Saved entries
<<<<

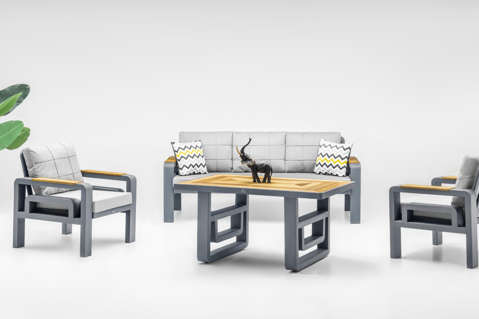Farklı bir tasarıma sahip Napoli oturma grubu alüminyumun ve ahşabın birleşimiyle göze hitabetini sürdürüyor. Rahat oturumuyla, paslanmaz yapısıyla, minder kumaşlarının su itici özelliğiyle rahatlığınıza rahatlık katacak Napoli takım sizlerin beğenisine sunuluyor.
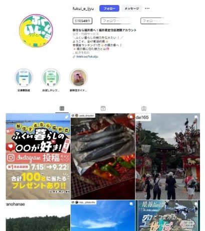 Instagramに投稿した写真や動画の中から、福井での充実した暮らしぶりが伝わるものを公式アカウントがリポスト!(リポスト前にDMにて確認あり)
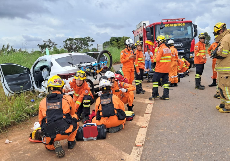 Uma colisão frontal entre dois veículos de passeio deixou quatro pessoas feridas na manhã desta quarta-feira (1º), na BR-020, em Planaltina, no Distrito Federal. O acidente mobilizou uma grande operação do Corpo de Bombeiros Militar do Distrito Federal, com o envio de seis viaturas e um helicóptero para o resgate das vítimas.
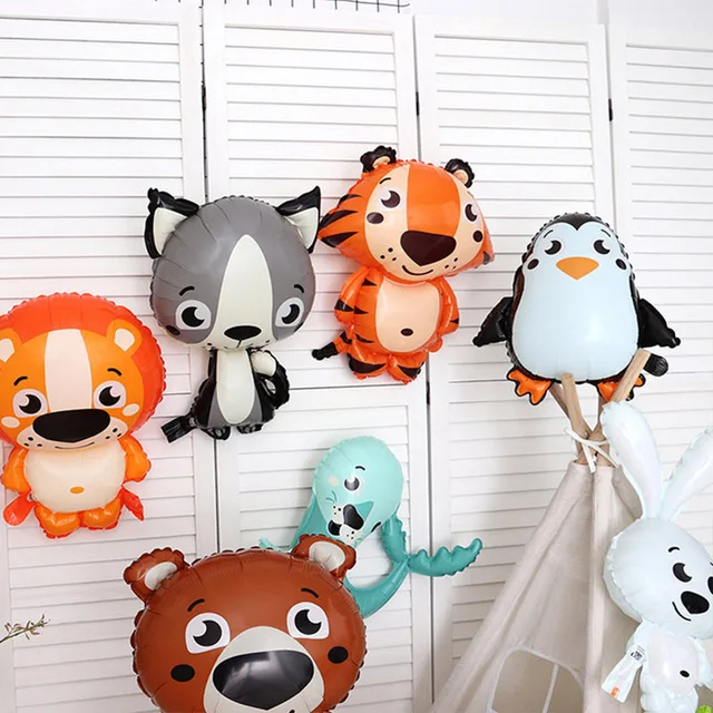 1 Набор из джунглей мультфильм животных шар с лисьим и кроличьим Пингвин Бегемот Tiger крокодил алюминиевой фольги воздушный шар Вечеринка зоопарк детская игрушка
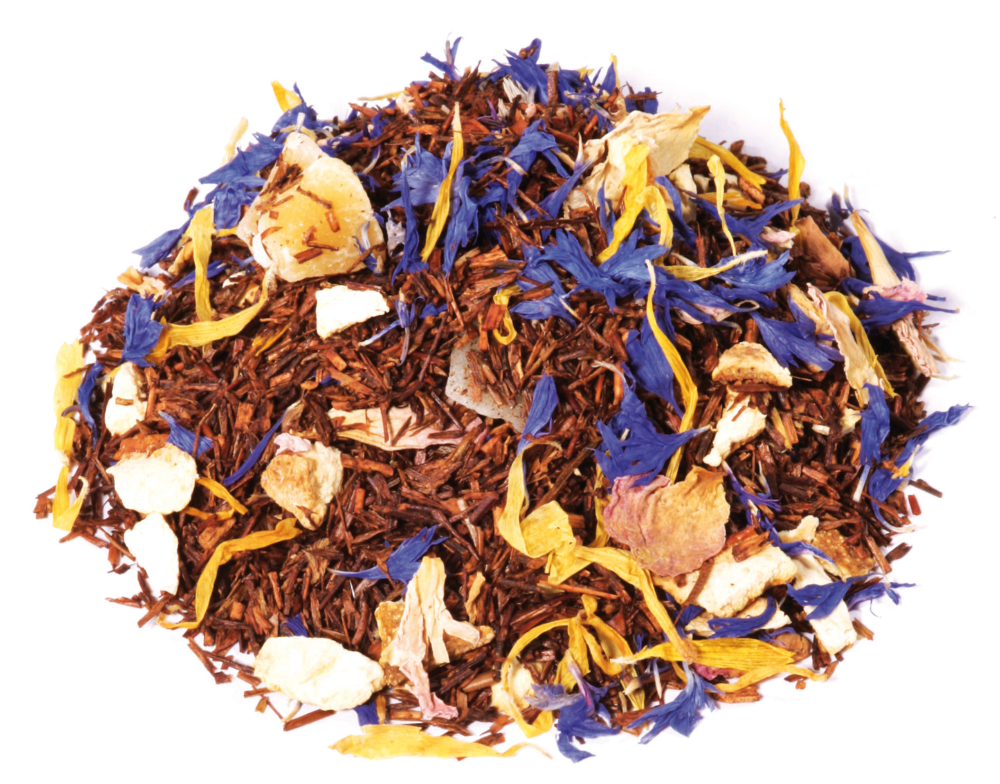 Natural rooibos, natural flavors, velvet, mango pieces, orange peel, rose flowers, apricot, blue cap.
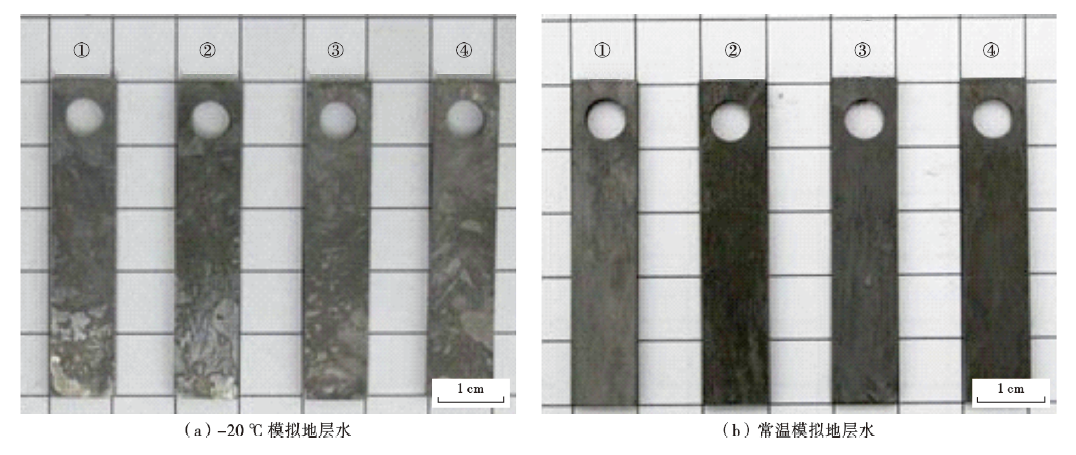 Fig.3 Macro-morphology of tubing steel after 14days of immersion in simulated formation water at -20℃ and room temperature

>>>>

### The task
When you reach the line containing "1 Набор из джунглей" in the records above, write out that line and every line after it through the end, exactly, but omit the pictures.

### Exercise result
 1 Набор из джунглей мультфильм животных шар с лисьим и кроличьим Пингвин Бегемот Tiger крокодил алюминиевой фольги воздушный шар Вечеринка зоопарк детская игрушка
 Natural rooibos, natural flavors, velvet, mango pieces, orange peel, rose flowers, apricot, blue cap.
 Fig.3 Macro-morphology of tubing steel after 14days of immersion in simulated formation water at -20℃ and room temperature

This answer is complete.